7:44 p.m.: I’m in my group of four. With me is Liz, a really funky gal who reminds me of Lisa Garza from “The Next Food Network Star.” And then there’s Jay Star, a dude with a fedora. And lastly there’s Deserie, a diva in a beret. I’m so getting a green ticket.

7:47 p.m.: I’m about to sing for judge number 11. She seems nice … I hope she has a thing for skinny boys in Sufjan Stevens T-shirts, ’cause then I’m golden.

7:53 p.m.: I’m almost up. And I’m fuhLIPPING out. I forgot my lyrics. I’m gonna start the song too high. I’m gonna puke up my delicious chix fingers. I’ve got the cold sweats.

8:08 p.m.: And … it’s a no. She loved my look (the Sufjan tee worked!!!) but didn’t think my vocals were there. Oh well. I did pretty great for me, actually, considering I don’t have any training. She dug my song choice (“One Man Guy”) but stopped me and asked me what the song meant. “It’s about being a loner.” And she was like, “It was?” And I was like, “Oh, yeah. I suppose the first verse sounds like a gay love song, but the second and third verses flesh out the loner bit.” And she was like, “Oh.

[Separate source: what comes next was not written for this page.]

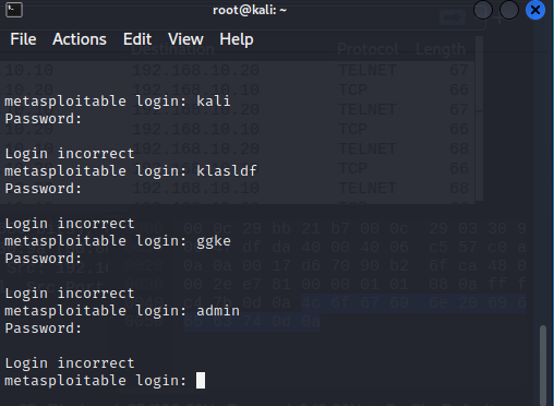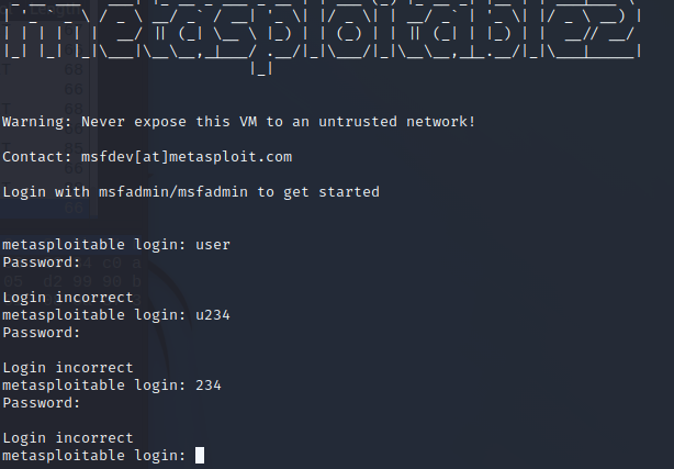 즉, Kali가 Meta에게 로그인을 실패하면, Meta가 Kali에게 "Login incorrect" 메시지를 전송한다.

Did you write that?” And I said, “Nope. It’s an old Loudon Wainwright tune.” Sigh. Maybe I should have done the Death Cab song. There’s always next year …

8:57 p.m.: So there it is. After waiting for 15 hours, my audition was over in 60 seconds. Next thing I know, I’m face to face with a professional wrist-cutter who, with one quick snip, trimmed away my chances of being the next David Cook. We were ushered out of the building, and I was greeted by dozens of other rejects. All I heard was, “She told me I had no stage presence.” “He didn’t tell me nothing.” “This show is bull!” Funny thing, this show. The same people who were just competing against me are now, mere seconds later, offering a shoulder to cry on. So in the end, I came, I saw, I waited, I waited some more, and I didn’t quite conquer. But I have a deeper appreciation for all the contestants who will be on the show next year. And who knows? Maybe you’ll see me in some of the crowd shots!!! Thanks for taking the journey with me today. And check back here on Thursday for my video diary. Cantiello, out.